(Source material begins)

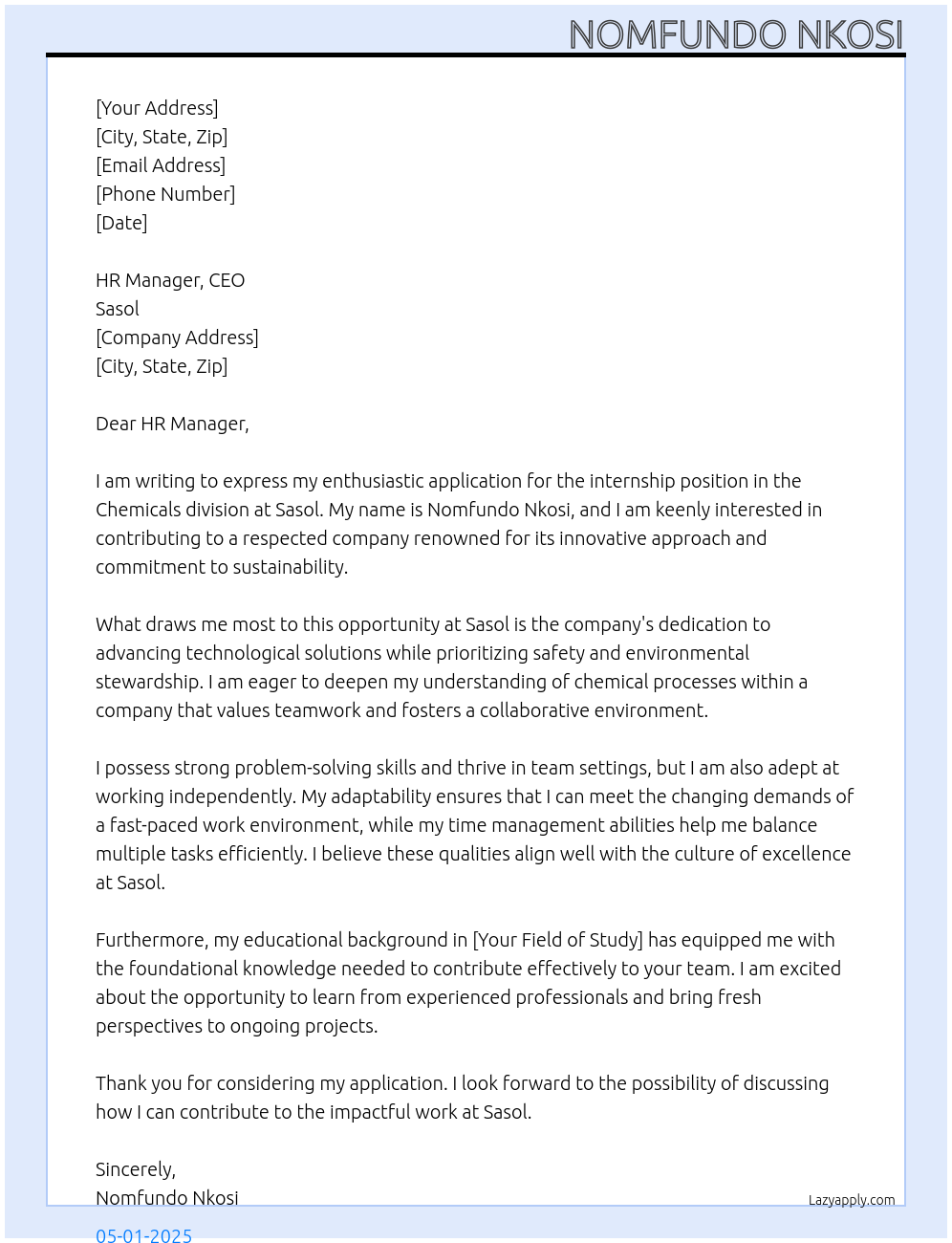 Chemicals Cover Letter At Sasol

(Source material ends)
(Source material begins)

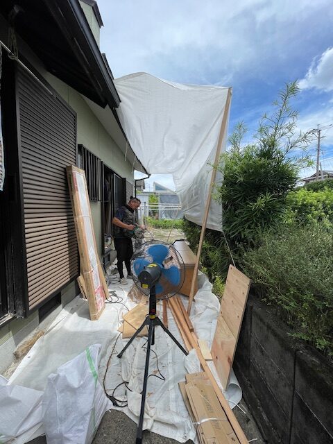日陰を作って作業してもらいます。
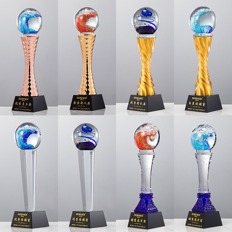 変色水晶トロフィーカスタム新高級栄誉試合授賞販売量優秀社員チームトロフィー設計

(Source material ends)

• Task directions:
Starting at the line with "日陰を作って作業してもらいます。" and finishing at the line with "変色水晶トロフィーカスタム新高級栄誉試合授賞販売量優秀社員チームトロフィー設計", copy the material above exactly, both lines included. Nothing else goes in, and no pictures.

• Task result:
日陰を作って作業してもらいます。
 変色水晶トロフィーカスタム新高級栄誉試合授賞販売量優秀社員チームトロフィー設計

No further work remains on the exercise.